## Work item
Write out the listing from the line with "300-30002B: Exit Device" to the line with "1967 FORD BRONCO 4X4", both lines included, exactly and nothing beyond. Leave pictures out.
= = =
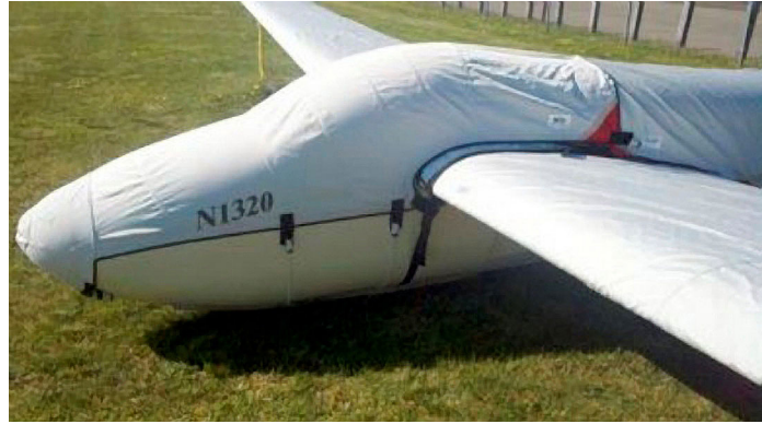
Schweizer SGS 1-26B Canopy/Nose, Wings & Empennage Covers
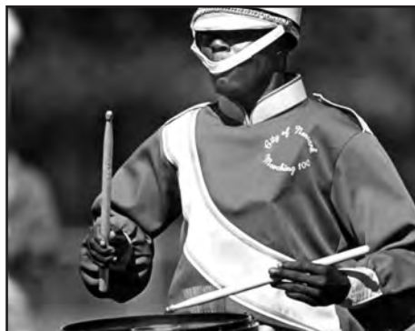
HOLY CHILD MARCHING 100 , Staten Island, NY (1996).
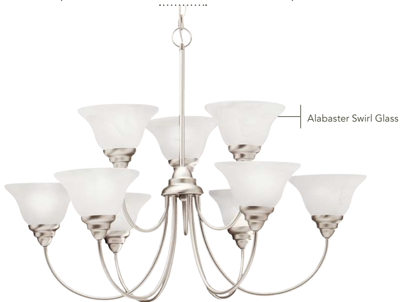
F | 2077 NI, OZ Chandelier
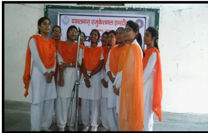
Inter-faculty Group Song Competition
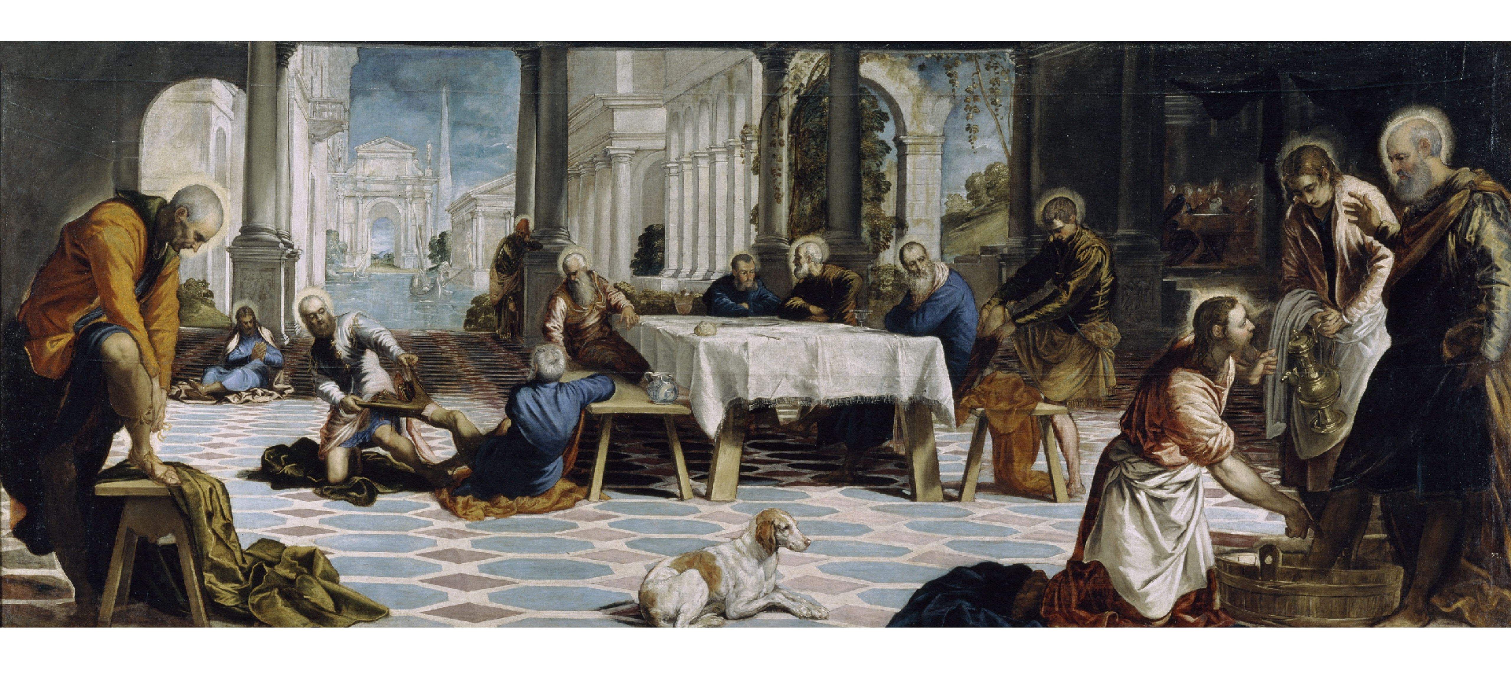
La lavanda dei piedi (The washing of the feet) - oil on canvas Tintoretto, 16th century Venetian painter
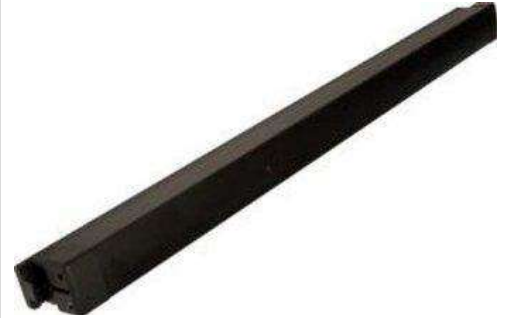
300-30002B: Exit Device Narrow Stile Mortise Bar 36" Duranodic w/ LHR
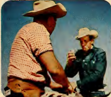
Herding steers across the range you'll find a man
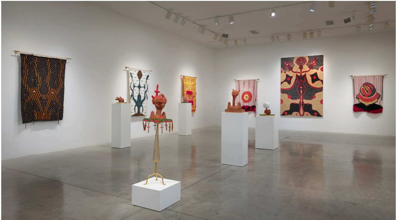
‘A GOD OF HER OWN MAKING’ installation
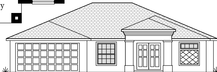
Standard Elevation "A"
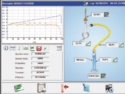
Friendly & Professional Software
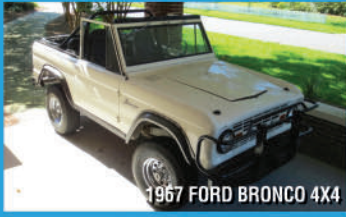
1967 FORD BRONCO 4X4
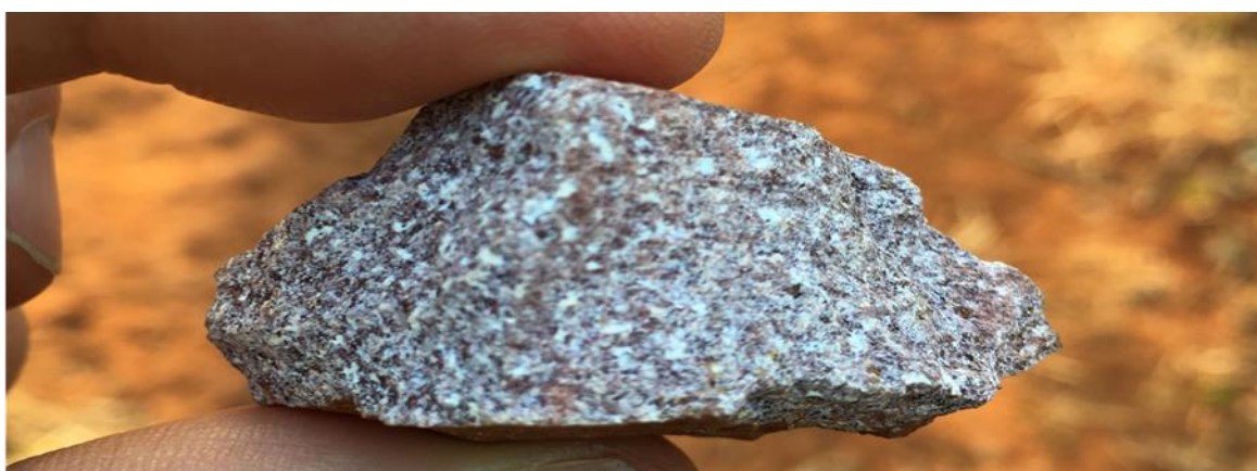
Figure 3: Rock chip sample showing high levels of gibbsite-hosted Al 2 O 3 from a previously untested area.
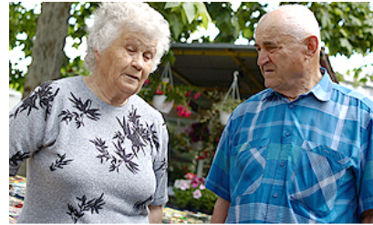
Older couple at the marketplace

Divorce is traditionally discouraged, and it is not recognized by the Catholic Church. Croatia retains a relatively low divorce rate, typically ranging from 15–20%. 369,370 Divorce is more common in cities than in rural areas, where traditional, conservative values are stronger. 371 Croatian law requires divorcing couples to split evenly any property obtained during the marriage. Both spouses retain equal responsibility for supporting the children produced within the marriage. 372
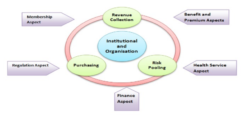
Figure 1: Health Security Implementation Aspects

According to Norman et.al (2009) in Mundiharno (2012. p. 213), it is important to consider three important things in the implementation of health security. Those are: (a) how the fund is raised; (b) how risks guaranteed together; (c) how the fund rose is used as efficient and effective as possible.
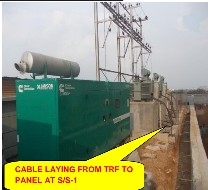
CABLE LAYING FROM TRF TO PANEL AT S/S-1
= = =
## Answer box
300-30002B: Exit Device Narrow Stile Mortise Bar 36" Duranodic w/ LHR
Herding steers across the range you'll find a man
‘A GOD OF HER OWN MAKING’ installation
Standard Elevation "A"
Friendly & Professional Software
1967 FORD BRONCO 4X4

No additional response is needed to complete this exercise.